Claro que el Presidente de la República desde el 11 de mayo anunciaba que ya se había logrado superar sin prohibiciones y el 12 de mayo ya andaba colgándole medallita de oro al pueblo por su responsabilidad y disciplina. Eso, un día después de que los mexicanos habían salido a festejar masivamente a sus mamacitas, porque lo grave había pasado, pues según López-Gatell había dicho un par de semanas antes que la peor etapa sería del 2 al 8 de mayo. Las consecuencias de aquel optimismo están registradas en las propias estadísticas oficiales.

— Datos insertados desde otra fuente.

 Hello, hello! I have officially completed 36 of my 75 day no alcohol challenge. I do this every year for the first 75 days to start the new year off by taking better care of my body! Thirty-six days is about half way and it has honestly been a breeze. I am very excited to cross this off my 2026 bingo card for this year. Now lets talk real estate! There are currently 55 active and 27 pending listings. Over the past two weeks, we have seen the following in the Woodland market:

Este es solo un puñado de las perlas declarativas provenientes del Presidente y del Subsecretario, quien vivió una inusitada fama mediática por su supuesta claridad para comunicar las cifras de la epidemia, para caer más tarde en el absoluto descrédito. Estoy seguro de que López-Gatell no es un charlatán y que tiene una buena formación científica, lo que hace evidente la manera abyecta en la que ha asumido su labor, para justificar y reforzar la supersticiosa percepción de su jefe sobre la crisis sanitaria. La selección la tomé de un hilo de Twitter publicado por @omegar.

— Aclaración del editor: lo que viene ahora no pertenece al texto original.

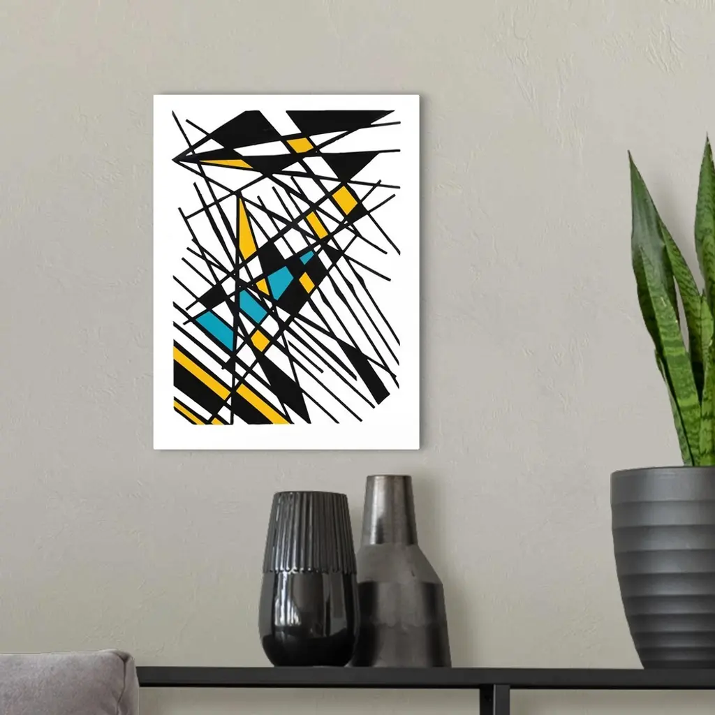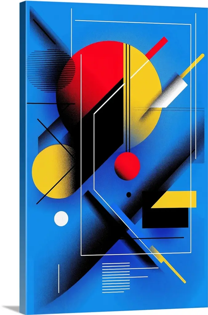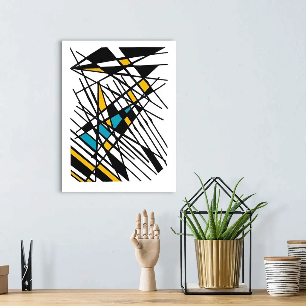 Abstract expression painting in which geometric color and lines invade the space in contrast with different elements: light, shadows, shape, texture and movement.

El hecho es que la tragedia no para y el Gobierno ha tenido un desempeño lamentable. No ha informado bien y la negativa del Presidente a asumir la gravedad de la crisis no solo ha dado un mal ejemplo, traducido en el descreimiento de buena parte de la población del enorme riesgo que corre, sino que ha conducido a políticas públicas desastrosas, como la reapertura anticipada, obligada por su decisión de no tomar decisiones de política que redujeran el impacto económico del confinamiento. Su cerrazón a la posibilidad de echar a andar programas de salvamento de pequeñas y medianas empresas y, sobre todo, su terca oposición a la instauración de un ingreso vital de emergencia, ambas resultado de su proverbial tacañería con el uso de los recursos públicos, para no frenar sus obsesivos megaproyectos, ya está costando muchas vidas y condenará al país a un alto desempleo de largo plazo, por los miles de negocios que no volverán a abrir. En su momento tendrá que rendir cuentas por sus decisiones.